Amran mengatakan dirinya sudah meminta kepada ratusan pabrik kelapa sawit (PKS) untuk menaikkan harga belinya. Pihaknya bahkan meminta langsung kepada Kepolisian RI untuk mengawal arahan tersebut kepada seluruh PKS. Sampai saat ini masih tersisa 130 dari 1.900 perusahaan di sektor sawit yang belum melakukan penyesuaian harga TBS. Angka itu turun signifikan dibandingkan pekan lalu yang mencapai 274 perusahaan. “Tapi kami sampaikan yang 274 kami langsung pada hari itu juga kami mengirim surat ke Pak Kapolri bahwa ini harus ditindaklanjuti dan langsung tembusan Kapolda di wilayah masing-masing dan Ditkrimsus ditindaklanjuti,” ungkap Amran.
Mengapa dan Dampak
Amran menjelaskan bahwa anomali harga TBS ini sangat berdampak pada petani plasma sawit. Menurutnya, ada 15 juta petani plasma dengan seluruh keluarganya yang diperkirakan mencapai 30 juta orang yang bergantung hidupnya pada penjualan hasil bumi kelapa sawit. “Nah ini kami minta jangan bermain-main, jangan korbankan rakyat. Ada petani plasma itu 15 juta dengan seluruh keluarganya diperkirakan 30 juta. Kita harus, Bapak Presiden arahkan berpihak pada petani-petani plasma sawit,” kata Amran. Dia juga menjamin aturan ekspor satu pintu lewat BUMN PT DSI tidak akan mengganggu harga TBS. “Tapi kami yakin satu minggu ke depan itu sudah pulih kembali dan insyaallah ke depan dengan satu pintu ini harga TBS ke depan lebih baik,” ujar Amran.

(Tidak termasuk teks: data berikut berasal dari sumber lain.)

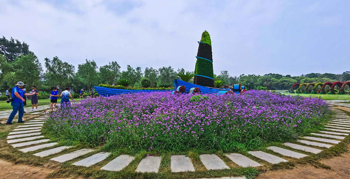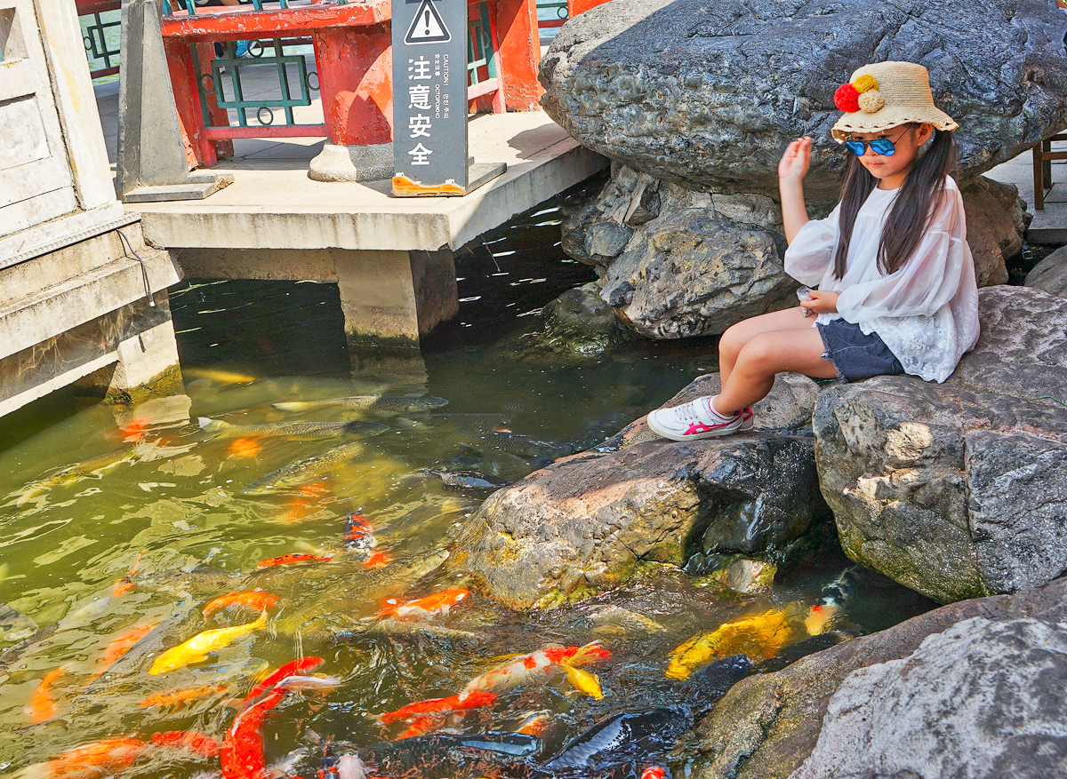 游客们在景区的公园里很开心,超大的锦鲤让喂鱼的孩子们更是玩得不亦乐乎!

Jalan Panjang yang Masih Harus Ditempuh
Amran mengaku sudah lapor kepada Presiden Prabowo Subianto mengenai anomali harga TBS kelapa sawit. Dia berharap Polri dapat mengusut tuntas kasus ini dan memastikan harga TBS kembali pulih. “Dengan surat itu, tinggal 100 lebih yang belum menaikkan harga TBS,” lanjutnya menjelaskan. Dia juga mengultimatum agar PKS di Indonesia tidak memainkan harga TBS, sebab banyak petani plasma yang bergantung hidupnya pada penjualan hasil bumi kelapa sawit.